Part I: Multiple Choice

 1. The scatter plot to the right shows a _?_ relationship. Assume that vertical and horizontal axes are identically scaled. a. weak negative b. weak positive c. strong positive d. strong negative
 2. The visual representation shown here helps describe the relationship between mathematics placement-test scores and writing-test scores for an incoming class of students. The plot provides information about the _?_ of that relationship. a. source, direction, and value b. center, spread, and shape c. location, value, and shape d. shape, strength, and direction e. direction, shape, and location

3. Estimate the slope of a spaghetti line that might appropriately fit the data plotted in Question 2.

a. -0.75
b. -0.35
c. 0
d. 0.25
e. 0.9
f. 2.10

4. True or false: A median-median line is more resistant to outliers than is a least-squares linear regression line.

a. True
b. False

The following situation is used for problems 5 through 7.

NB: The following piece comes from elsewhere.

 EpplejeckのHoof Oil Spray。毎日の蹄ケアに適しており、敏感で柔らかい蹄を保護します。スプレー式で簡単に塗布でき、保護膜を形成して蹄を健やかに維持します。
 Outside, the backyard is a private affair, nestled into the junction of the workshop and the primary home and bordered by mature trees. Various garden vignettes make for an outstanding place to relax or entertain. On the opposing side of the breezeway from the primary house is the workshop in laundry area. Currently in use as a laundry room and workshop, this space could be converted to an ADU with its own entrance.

 Table 1: Raises and Job Performance Ratings for University Administrators Administrator ID # Annual Salary Raise (y) Job Rating: 5-point Scale (x) 1 2 3 4 5 6 7 8 9 10 11 12 13 14 15 \$18,000 16,700 15,787 10,608 10,268 9,795 9,513 8,459 6,099 4,557 3,741 3,718 3,652 3,227 2,808 2.76 1.52 4.40 3.10 3.83 2.84 2.10 2.38 3.59 4.11 3.14 3.64 3.36 2.92 3.00

A faculty group seeks to determine whether job rating (call it x) is a useful linear predictor of annual salary raise (call it y). The group uses least-squares linear regression to determine this prediction equation:

y = -1782.83x + 14012.17.

5. Which one of the following statements is most correct?

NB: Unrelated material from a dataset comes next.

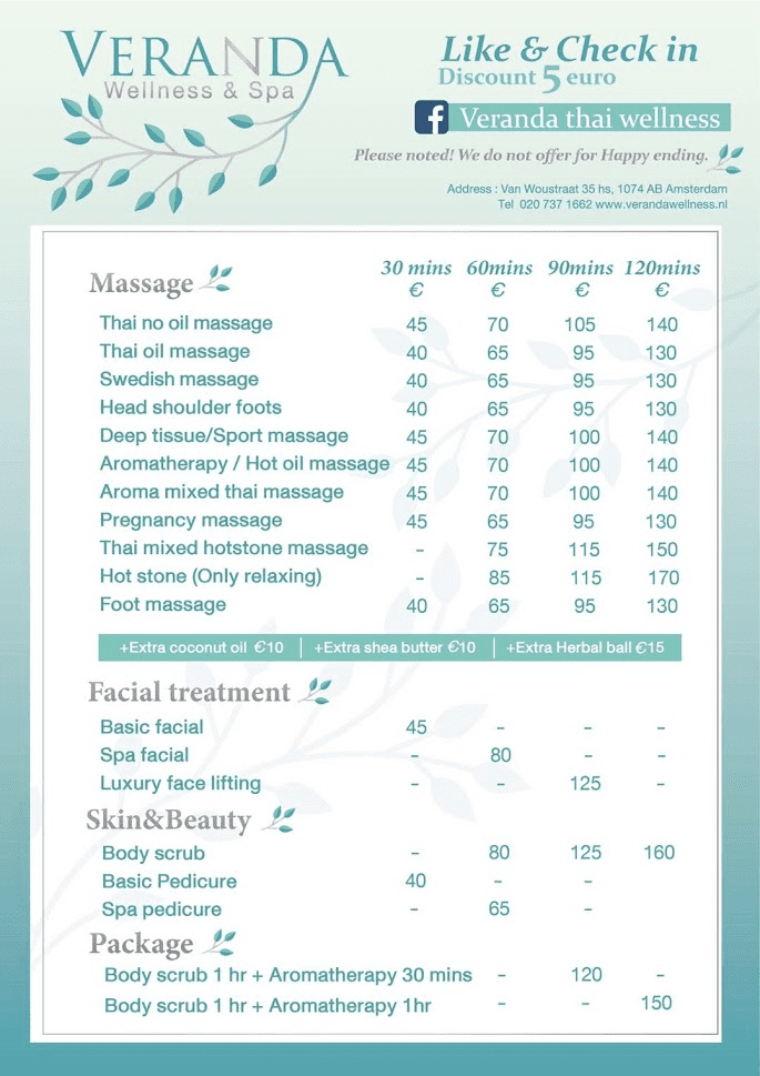Bij ons kunt u terecht voor de beste massage van Amsterdam uitgevoerd door de beste Thaise masseuses. In onze wellness bieden wij u verschillende massages aan. Dit kan een traditioneel Thaise massage zijn, maar wij voeren bijvoorbeeld ook sportmassages en Zweedse massages uit. Onderstaand vind u ons aanbod en een kleine uitleg per behandeling.

a. The prediction equation assures that the actual raises for the 15 administrators fall in a perfect straight line.
b. The prediction equation suggests that if we know an administrator's job rating, we can determine his or her exact salary raise.
c. The prediction equation suggests that for the mean job rating an administrator would get the mean salary increase.
d. The prediction equation suggests that, on the average, administrators have a poor job rating.
e. None of the statements (a) through (d) are correct.
f. More than one of the statements (a) through (d) are correct.

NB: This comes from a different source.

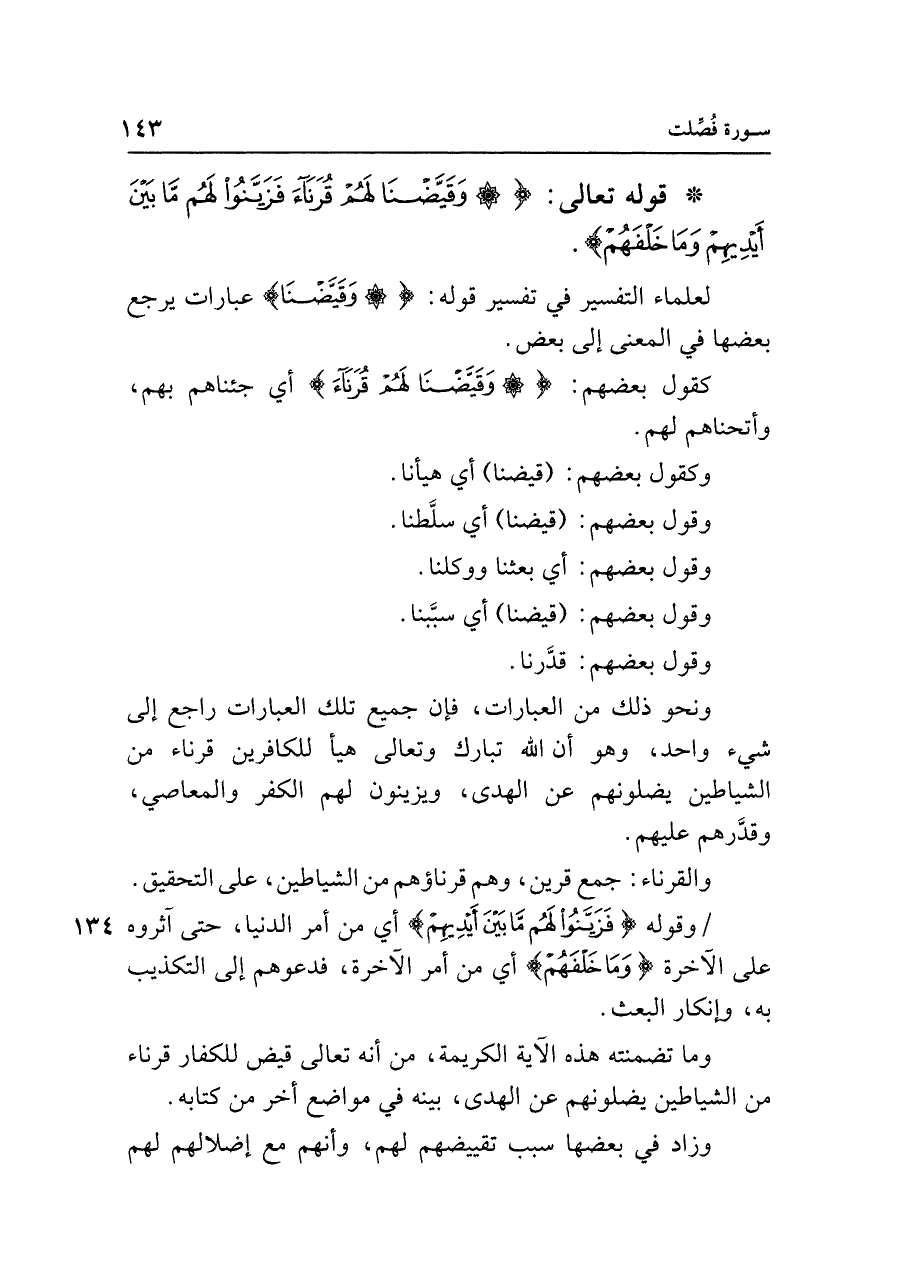 ونحو ذلك من العبارات، فإن جميع تلك العبارات راجع إلى شيء واحد، وهو أن الله تبارك وتعالى هيأ للكافرين قرناء من الشياطين يضلونهم عن الهدى، ويزينون لهم الكفر والمعاصي، وقدَّرهم عليهم.

6. Which one of the following statements about the prediction line y = -1782.83x + 14012.17 is least correct?

a. The equation can be used to state the actual raise for an administrator by knowing his or her job rating.
b. The equation produces predicted raises with the sum of the squared residuals minimized.
c. If the linear model is accepted as valid, the equation could be used to predict an administrator raise from an administrator's job rating.
d. The equation produces predicted raises with an average residual (average error) of 0.

7. Which statement best interprets the meaning of the slope of the prediction equation?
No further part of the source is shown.